Benjamin Chapas

2 min.

27 octobre 2022

L’adoption du statut d’entreprise à mission par le groupe Danone devait constituer l’acmé du double projet économique et social initié dans les années 1970 sous la présidence d’Antoine Riboud. Face aux dérives d’un capitalisme déshumanisé et financiarisé, Danone n’a en effet eu de cesse de vouloir imposer l’image d’une entreprise "modèle" pouvant inspirer tous les défenseurs d’une économie plus juste et plus humaine. Mais l’adoption du statut de société à mission n’a pas eu l’effet escompté, et a au contraire fragilisé son développement en ayant fait apparaitre nombre de divisions au sujet de la RSE.

 

En effet, si la RSE chez Danone procédait à l’origine d’une logique plutôt expérimentale, locale et bottom up, elle s’est peu à peu immiscée à tous les niveaux et dans toutes les strates de l’entreprise à mesure qu’Emmanuel Faber s’imposait de son côté comme le héraut d’un capitalisme plus raisonnable.
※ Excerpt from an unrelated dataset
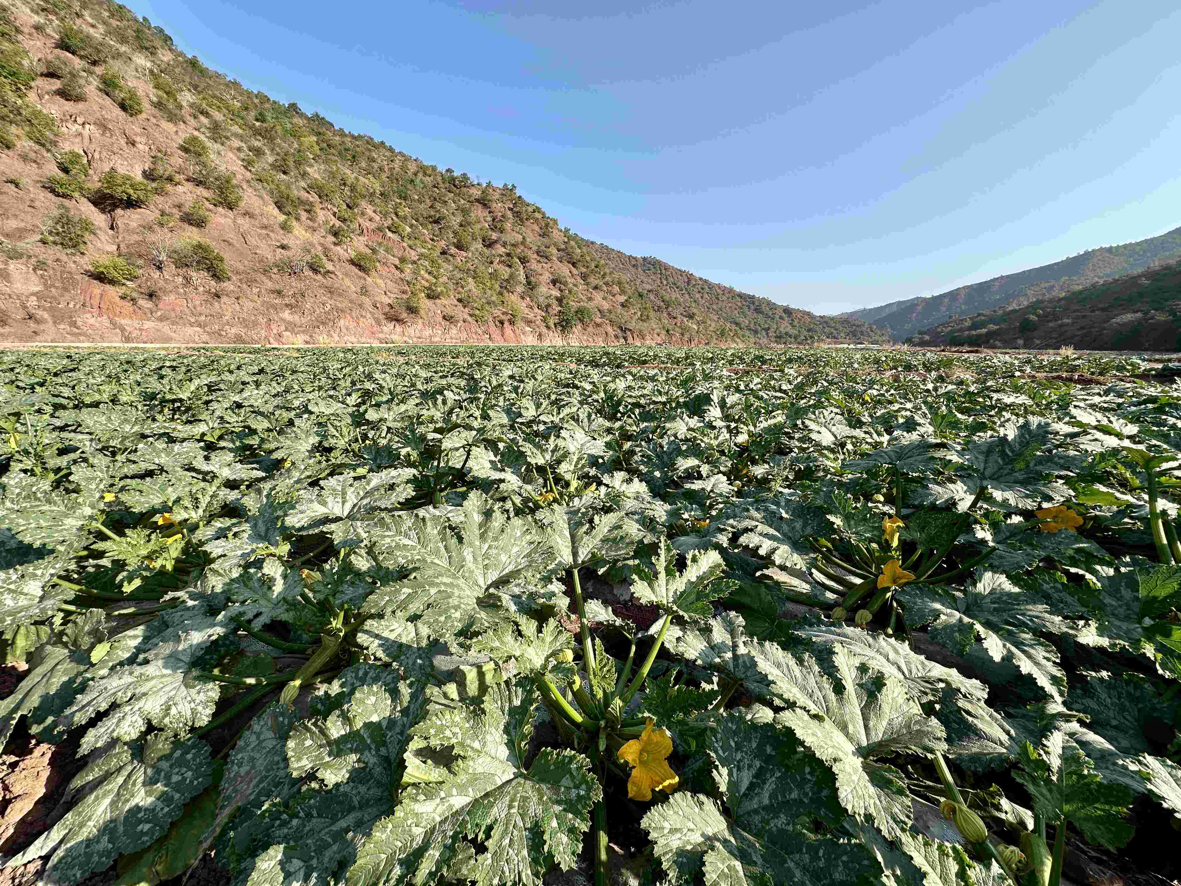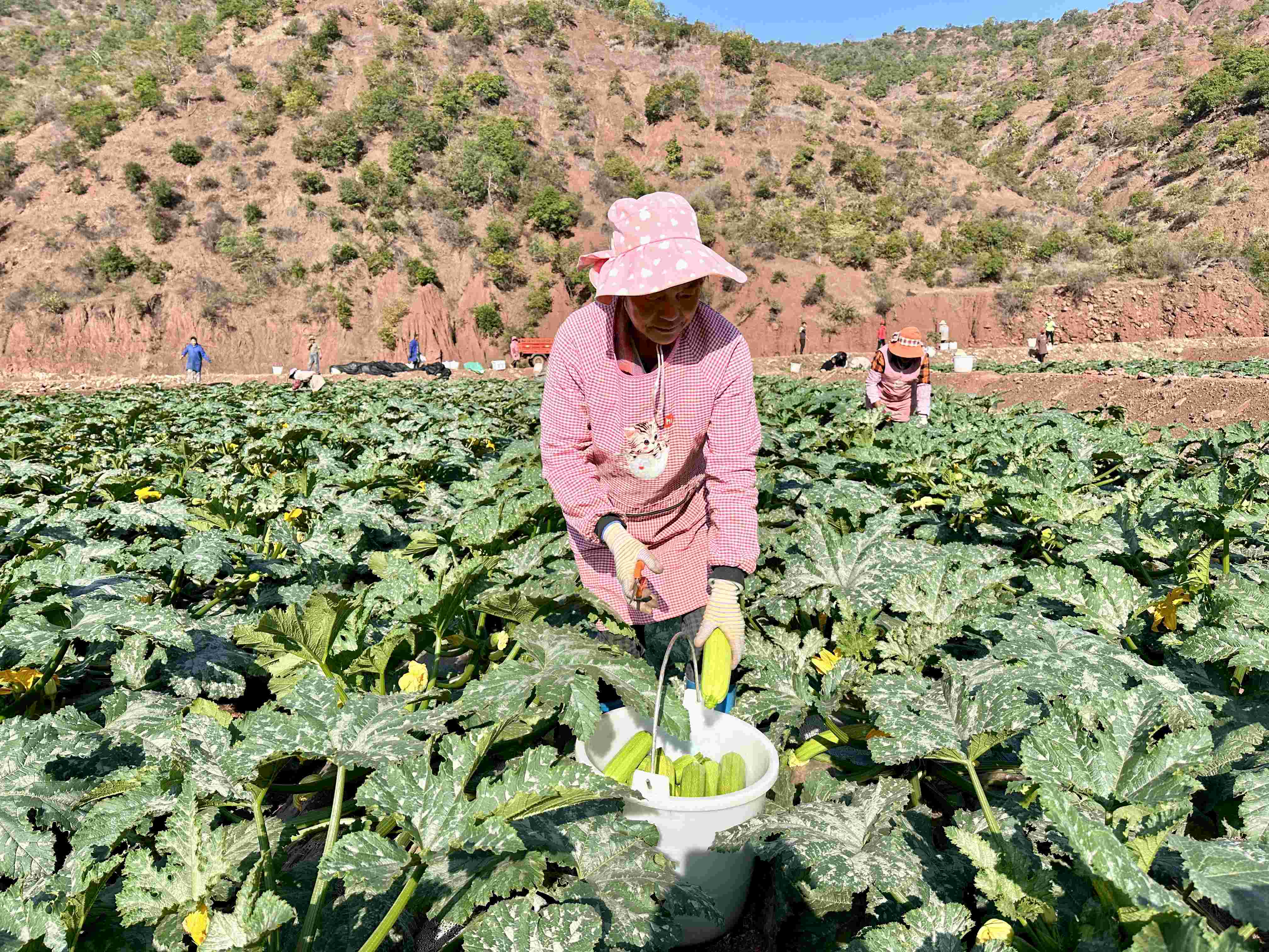 近日,在云南省楚雄彝族自治州双柏县大麦地镇河口河流域平坦广阔的土地上,一排排翠绿的西葫芦正在茁壮成长,齐膝高的瓜蔓之间,鲜艳的黄花与细长条的西葫芦交错生长,到处一片生机盎然的景象。

L'ancien PDG du groupe disait lui-même qu’il en allait d’un changement de perspective visant, en priorité, à redonner au profit son rôle de moyen et à l’entreprise sa fonction de création de richesses au service des êtres humains et de leur émancipation. Cette nouvelle approche se voulait donc ambitieuse, l'entreprise affichant des responsabilités croissantes vis-à-vis de ses parties prenantes internes et externes que l’adoption du statut d’entreprise à mission devait simplement entériner. Une ambition cependant contrecarrée par des "actionnaires activistes" qui, souvent, voient les investissements d’une entreprise en RSE comme des dépenses inutiles ne permettant pas de maximiser la valeur de l’action à court terme. Selon eux, il ne peut effectivement y avoir de responsabilité de l’entreprise sans création de profits, ce qui remet en cause l’intérêt pour une entreprise de s’engager sur la voie d’une reconnaissance statutaire de ses engagements sociétaux si celle-ci la désigne comme une « cible » à redresser selon les standards de la « valeur actionnariale ».

 

L’adoption du statut de société à mission a donc fait courir des risques à Danone, au sens où ses investissements indéfiniment augmentés pour s’afficher comme le meilleur élève de la classe RSE aura eu pour effet une crise de gouvernance qu’Emmanuel Faber, remplacé à la tête de l'entreprise au printemps 2021, aura payé au prix fort.

 

Si le cas "Faber-Danone" relève d’une opposition classique entre un capitalisme financier et un capitalisme plus raisonnable qui veut donner du sens et du temps à son action, c’est donc aussi l’absence d’une véritable mise en tension de ces deux "paradigmes" qui est à l’origine de la crise de gouvernance qui a frappé" le groupe. Le mouvement vers l’entreprise-providence ne peut se faire en effet sans engager une réflexion sur les conditions de mise en œuvre d’une "coopération conflictuelle "entre les différentes parties prenantes de l’entreprise autour des enjeux de la RSE, sans quoi cette tension ne pourra jamais trouver à se résoudre autrement que sous la forme d’incessantes divisions. Assumer la dimension conflictuelle de ce projet garantit par ailleurs l’engagement et l’implication de toutes les parties prenantes et leur participation active à la définition d’une politique de RSE qui doit trouver à rassembler, et ainsi se construire à l’appui de la diversité des points de vue qui fait toute la richesse d’une entreprise.

 

Benjamin Chapas est enseignant chercheur à l'Esdes Business School. Il est responsable de la spécialisation de master Management, Sciences Humaines et Innovations.